Data is the raw material that supports information and the basis for intelligent actions and decisions.

But not all numbers are created equal. Some are essentially extraneous material that takes up space and obstructs access to desired data. To enhance efficiency, data must be effectively gathered, organized, and stored so it is easy to access and transform into meaningful information.

It may be gathered in variety of manners. Common tools for gathering and recording these critical numbers include dbases, check sheets, bar-code readers, optical character readers, direct process inputs, and voice-activated entry.


2- Information

One creates information from patterns in the data. Information provides meaning and understanding from the numbers. In other words, information is data in context and useable material. According to Larry P. English, author of Improving Data Warehouse and Information Quality, quality information includes three
components…

1) Clear definition and meaning of data

2) Correct value(s)

3) Understandable presentation (format)

Nonquality of any of these components can cause a business process to fail or a wrong decision. English finds that information may be represented as a formula:

Information = Data + Definition + Presentation


3- Knowledge

Knowledge is considered “information in context” or “information in action,” and it can be tacit or explicit.

· Tacit (informal, uncodified)… Knowledge includes history, memories and experience. Example of knowledge includes employee’s training, customer’s relationship, and vendor history. Tacit knowledge may be difficult to catalog, sometimes highly experiential, sometimes difficult to document in any detail, sometimes ephemeral, and sometimes transitory.

· Explicit (formal, codified) information documented in books, procedures, white papers, databases, and policy manuals.
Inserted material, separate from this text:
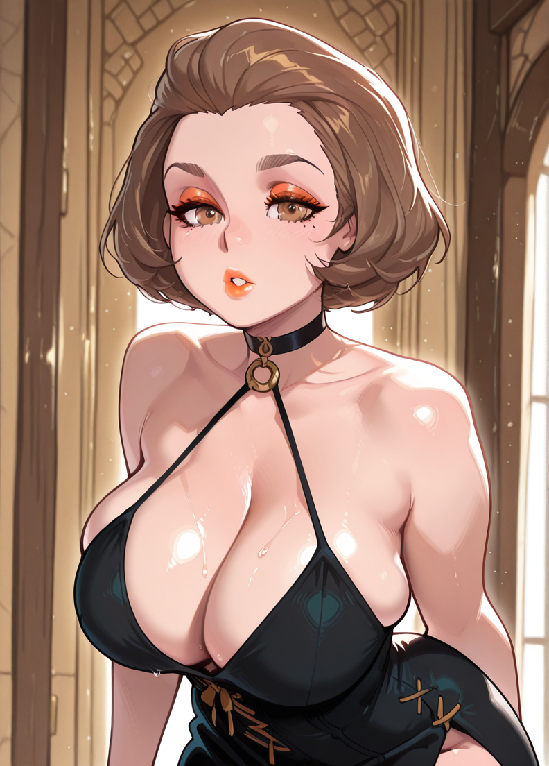 manuelaxd, 1girl, brown eyes, lips, mole under eye, short hair, brown hair, choker, makeup, lipstick, hair slicked back,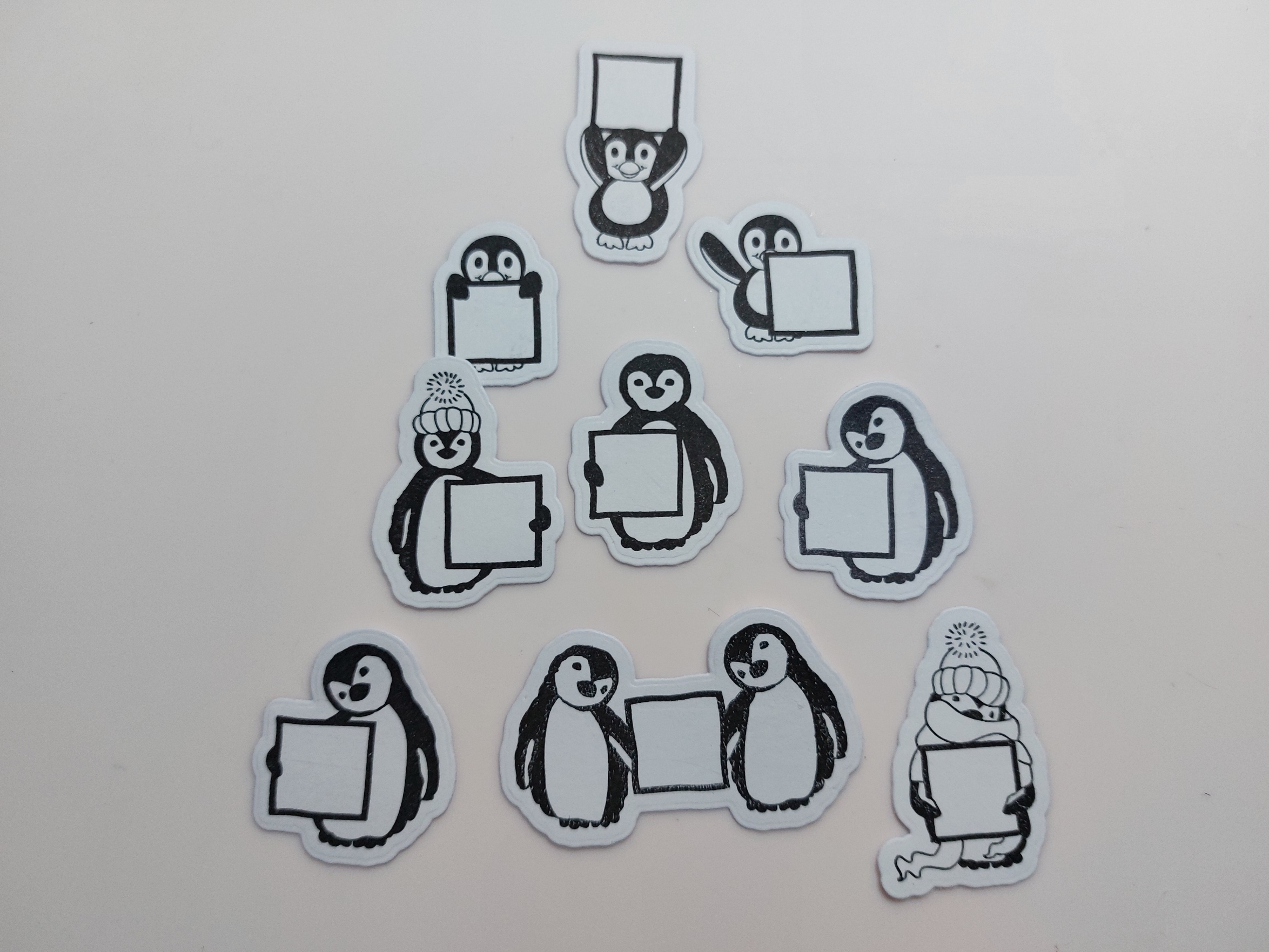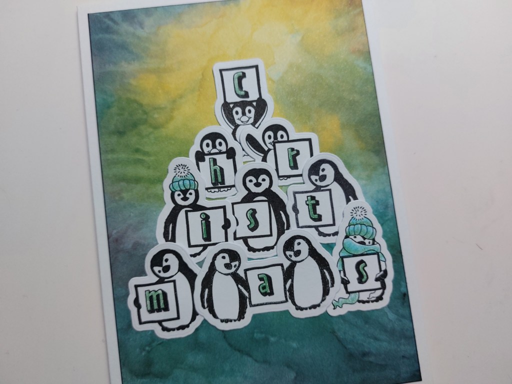 I glued the penguins onto a piece of Northern Lights card to make a Christmas tree shape, starting with the bottom row & tucking the others in behind. Now before everyone gets all David Attenborough on me, I know that’s impossible for penguins but Clarity don’t make any aurora australis (southern lights) paper, so let’s just live with it!

Both types of knowledge are important. English contends that knowledge means understanding the significance of information and may be represented by the following formula:

Knowledge = People + Information + Significance

Knowledge itself won’t advance the organization. It has power only to the extent thatpeople are able to act on their knowledge.


4- Wisdom

In keeping with his other concepts, English offers this formula for calculating wisdom:

Wisdom = People + Knowledge + Action

Wisdom allows organizations to exploit the value of their resources toward accomplishing the corporate mission. To generate wisdom, you must provide people with training with quality information. You must allow people to act upon and experience the outcomes of their decisions.